Significance of Coal-gasification based fertilizer plant
It will use gas produced from coal, thus reducing dependence on urea and gas imports. It will promote alternative use of domestic coal in environment friendly manner, thereby supporting India’s commitments under CoP 21 Paris Agreement 2016. Pollutants like Carbon Dioxide (CO2) produced by this plant will be recycled for production of Urea and other by – products.

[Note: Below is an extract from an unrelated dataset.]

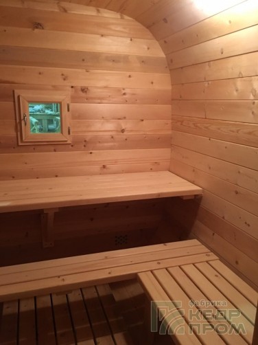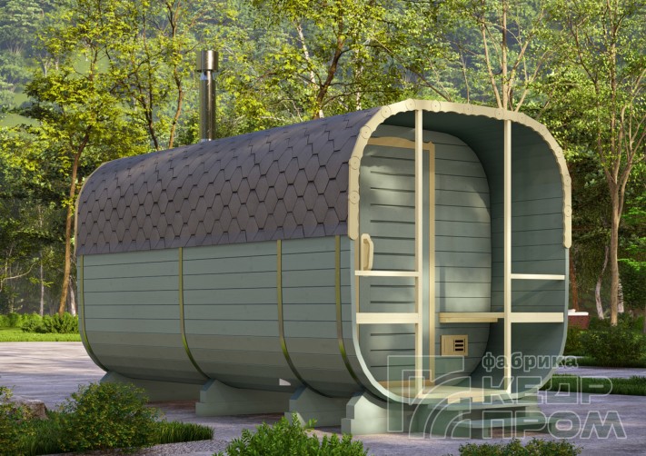 Квадратная баня бочка длиной 4,5 метра с верандой. Модель имеет два отделения внутри: парная и раздевалка, и небольшую веранду с двумя сидениями напротив друг друга. Оснащение и комплектация позволяет полноценно без дополнительных затрат пользоваться баней сразу при установке на участке. На производстве делается все под ключ.

Further, ash produced by it will be converted to inert slag which is non–hazardous.
The Cabinet Committee on Economic Affairs (CCEA) has approved for continuation of Nutrient Based Subsidy (NBS) Scheme and City Compost Scheme beyond 12th Five Year plan till 2019-20. The proposal was forwarded by Department of Fertilizers.
The total expenditure for continuation of both schemes till 2019-20 will be Rs. 61,972 crore. The expenditure will be on actual basis since national roll out of DBT entails 100% payment of subsidy to fertilizer companies on sale of fertilizers to farmers at subsidized rates.
The subsidy on Phosphatic and Potassic (P&K) fertilizers and Market Development Assistant (MDA) on City Compost will be provided on subsidy rates approved by CCEA on annual basis. The continuation of both schemes will ensure that adequate quantity of P&K is made available to farmers at statutory controlled price.
Government is making available fertilizers, namely Urea and 21 grades of P&K fertilizers to farmers at subsidized prices through fertilizer manufacturers and importers. The subsidy on P&K fertilizers is being governed by NBS Scheme which was launched in 2010.Its objectives are to foster balanced use of fertilizers to improve soil health and reduce government outgo on fertiliser support (subsidy).
Similarly, MDA is being governed by City Compost Scheme which was launched in 2016. City Compost Scheme aims to convert all organic waste generated in cities into compost or biogas and market the compost with the help of fertiliser companies to benefit farmers.